Bill and Melinda Gates Foundation
World's first carbohydrate malaria vaccine wins Gates Foundation grant
A Walter and Eliza Hall Institute project to develop the world’s first carbohydrate-based malaria vaccine has received a US$1 million grant from the Bill & Melinda Gates Foundation, through the Grand Challenges Explorations program.
The vaccine, developed by Professor Louis Schofield from the institute’s Infection and Immunity division, targets an essential Plasmodium parasite carbohydrate called GPI (glycosylphosphatidylinositol).
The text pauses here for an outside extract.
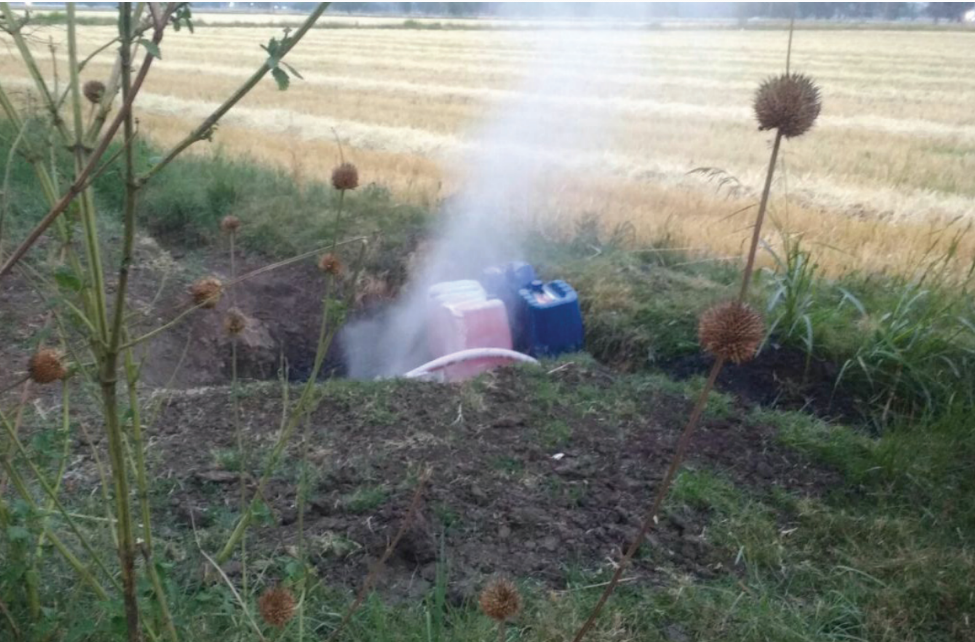 La apertura de una toma clandestina en el ejido Senegal de Palomas provocó una fuga de combustible que tardó cerca de cuatro horas en ser controlada debidamente por el personal de Seguridad Física de Petróleos Mexicanos (Pemex).

GPI is also a toxin produced by the Plasmodium parasite that has previously been identified as a major determinant in the severity and fatality of disease.
Associate Professor Schofield said the US$1 million Grand Challenges Explorations Phase II funding will allow the team to advance development and preclinical trials that will test the ability of the vaccine to interrupt transmission of the parasite, and decrease the severity of the disease.
“The anti-GPI vaccine is novel in that it is the first potential antimalarial vaccine that targets a parasite carbohydrate, rather than a protein,” he said. “Malaria parasites invest considerable effort in evading the immune system, continuously modifying its proteins to avoid detection, which is why a malaria vaccine has continued to be elusive. A vaccine that targets a highly conserved carbohydrate target could be especially effective in treating malaria.”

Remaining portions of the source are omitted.